Flow cytometric DNA content analysis in neuroendocrine carcinoma of the lung. Correlation with survival and histologic subtype.

The DNA content of 53 primary and locally metastatic pulmonary neuroendocrine carcinomas was retrospectively determined by flow cytometric analysis of nuclei released from paraffin-embedded tissues and compared with histologic subtypes and clinical survival. Forty-one percent (9 of 22) of tumors classified as well-differentiated neuroendocrine carcinoma (WDNC) were aneuploid. In contrast, 85% (17 of 20) of small cell neuroendocrine carcinoma (SCNC), and 73% (8 of 11) of intermediate cell neuroendocrine carcinoma (ICNC) were aneuploid. DNA content was not a significant independent predictor of patient survival within each histologic subtype (P greater than 0.05 for all subtypes). Yet, when all cases were examined as a single group, diploid cases showed better clinical survival than cases with DNA aneuploidy (P less than 0.02). However, the survival advantage for diploid DNA content did not quite achieve statistical significance when only cases of limited stage disease were analyzed (0.10 greater than P greater than 0.05).

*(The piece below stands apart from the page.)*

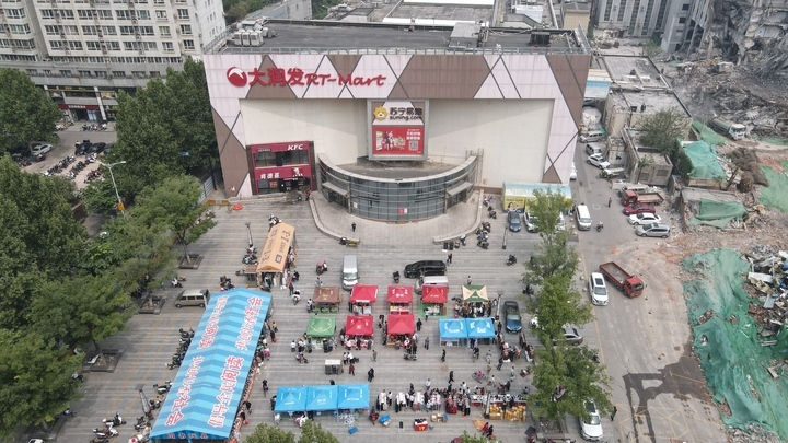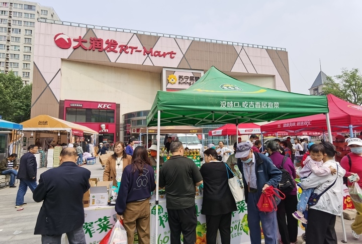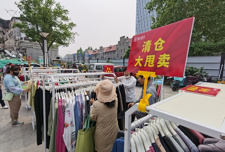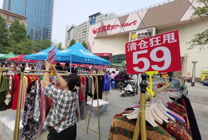 4月28日,在洪家楼大润发门店外,商家摆摊出售库存的商品,不少商家打出清仓甩卖的牌子,吸引了不少市民选购。

Histologic subtype was also a prognostic indicator, with WDNC cases showing a significantly longer survival than either SCNC (P less than 0.05) or ICNC (P less than 0.02), for those cases with limited-stage disease. These results indicate information on clinical staging and the histologic subtype are important parameters to compare with DNA content analysis in determining independent prognostic factors in neuroendocrine or small cell carcinoma of the lung.